Hal ini dapat menghambat pemilu selama berbulan-bulan, dan berpotensi mematikan pemilu pada tahun pemilu ketika para anggota parlemen sangat ingin kembali ke negaranya untuk berkampanye.
Ini adalah nasib yang menimpa banyak rancangan undang-undang di masa lalu, dan para senator mengisyaratkan bahwa mereka enggan terburu-buru dalam upaya melarang aplikasi yang digunakan oleh 170 juta orang Amerika.
Mark Warner dari Partai Demokrat dari Virginia, ketua Komite Intelijen Senat, mengatakan pada hari Kamis di Bloomberg Television Keseimbangan Kekuatan bahwa dia ingin Senat segera mengesahkan RUU TikTok, tetapi mengakui bahwa rekan-rekannya memiliki beragam proposal.
“Kita perlu menyelesaikan ini,” katanya tentang undang-undang yang memaksa divestasi.
Larangan itu akan memberi para senator keputusan yang sulit. Jajak pendapat Pew Research Center pada bulan Desember menunjukkan 38 persen orang Amerika mendukung larangan TikTok, turun dari 50 persen pada bulan Maret.
Dan perhitungan Partai Republik menjadi lebih rumit setelah Donald Trump, yang diperkirakan akan menjadi calon presiden pada pemilu tahun ini, menentang larangan yang ia dukung selama masa kepresidenannya.

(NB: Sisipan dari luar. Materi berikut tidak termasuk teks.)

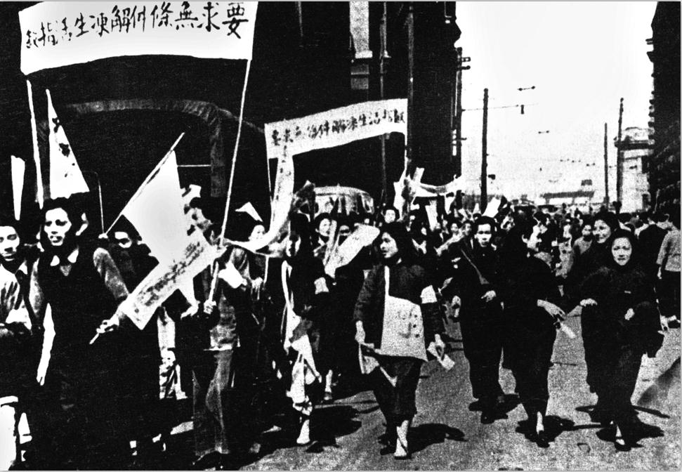 為什么英國能這樣欺負中國人?同學(xué)們感到就是因為國民黨政府實行的是屈辱的奴才外交。當(dāng)隊伍轉(zhuǎn)到南京路上游行時,群情激昂,還用“打倒列強,除軍閥”的曲調(diào)唱起“奴才外交,要反對;反動政府,要垮臺”的歌來。我在游行隊伍里,很幼稚,也很興奮。跟著唱,覺得能在南京路上高唱“反動政府要垮臺”,十分解氣。這種情景,至今歷歷如在眼前。有些同學(xué)還用柏油把呼喊的口號寫在外灘和南京路的大樓墻上,那是很難擦去的。這種自發(fā)行動是過激的,不僅暴露自己,而且容易換來軍警的武裝鎮(zhèn)壓。但國民黨當(dāng)局事前并無準(zhǔn)備,最激烈的口號是在從外灘轉(zhuǎn)到南京路游行時喊出和唱出來的,游行隊伍走到南京路西藏路口就解散了,時間不長,他們也分不清誰在唱誰在寫,所以難以立刻動手,但強烈的反應(yīng)很快就來了。

“TikTok melakukan lobi secara besar-besaran, tidak ada larangan, tidak peduli berapa banyak waktu yang mereka punya,” kata Blumenthal. “RUU DPR benar-benar harus ditinjau dengan sangat hati-hati.”
Kampanye lobi tersebut dilaksanakan secara penuh pada Kamis sore. Chew Shou Zi, CEO TikTok, menghadiri pertemuan Capitol bersama para anggotanya, termasuk Senator John Fetterman, seorang Demokrat dari Pennsylvania.
Fetterman mendukung undang-undang yang disahkan DPR tersebut, dengan alasan risiko keamanan nasional yang menurutnya dapat ditimbulkan oleh induk TikTok di Tiongkok, ByteDance Ltd, kepada pengguna di AS.
TikTok menolak berkomentar pada hari Kamis. Namun mereka telah membingkai RUU tersebut sebagai larangan langsung, dengan alasan, seperti Blumenthal, bahwa enam bulan tidak akan cukup waktu untuk melakukan penjualan. Fetterman mengatakan Chew tidak berubah pikiran.
“Saya mengungkapkan rasa frustrasi saya, dan saya dengan jelas menyatakan bahwa anak-anak saya menggunakan TikTok,” kata Fetterman dalam sebuah wawancara. “Jadi jika saya mencoba melarang TikTok, saya pasti sudah melarangnya di ponsel di rumah saya.”
James Andrew Lewis, pakar teknologi di Pusat Studi Strategis dan Internasional, mempertanyakan keefektifan RUU tersebut. “Jika Anda menginginkan tindakan simbolis yang bagus, maka mereka dapat melanjutkannya,” kata Lewis. “Tetapi jika Anda ingin benar-benar melakukan sesuatu, mereka harus menulis ulang hal tersebut.”
Cruz mengatakan dia telah berbicara dengan Ketua Komite Perdagangan Maria Cantwell, seorang Demokrat di Negara Bagian Washington, dan belum jelas apakah panel tersebut akan mengambil tindakan terhadap RUU DPR tersebut.
Senator lain berpendapat bahwa RUU tersebut tidak berjalan cukup baik, sehingga menimbulkan lebih banyak keraguan terhadap peluangnya. Senator Elizabeth Warren, dari Partai Demokrat Massachusetts, mendukung proposal yang dia ajukan dengan Lindsey Graham dari Partai Republik Carolina Selatan untuk membentuk komisi independen guna mengusulkan aturan bagi perusahaan media sosial.
“Ancaman yang ditimbulkan oleh media sosial tidak terbatas pada satu perusahaan,” kata Warren dalam sebuah wawancara. “Kita perlu membatasi media sosial untuk melindungi privasi, melindungi anak-anak kita, dan memastikan integritas.”
Senator Josh Hawley, seorang anggota Partai Republik dari Missouri dan pengkritik keras TikTok, mengatakan dia berharap DPR akan mempertimbangkan dan memberikan suara pada RUU DPR tetapi pesimis dengan hasilnya. Dia mengatakan belanja lobi yang besar telah menghambat upaya Kongres untuk mengendalikan pelanggaran yang dilakukan oleh raksasa teknologi.
“Mari kita angkat bicara dan berdebat. Kita bisa mengubahnya. Kami akan menjalani proses amandemen secara terbuka. Kami akan membuat undang-undang,” kata Hawley. “Tetapi saya memperkirakan hal itu tidak akan terjadi.”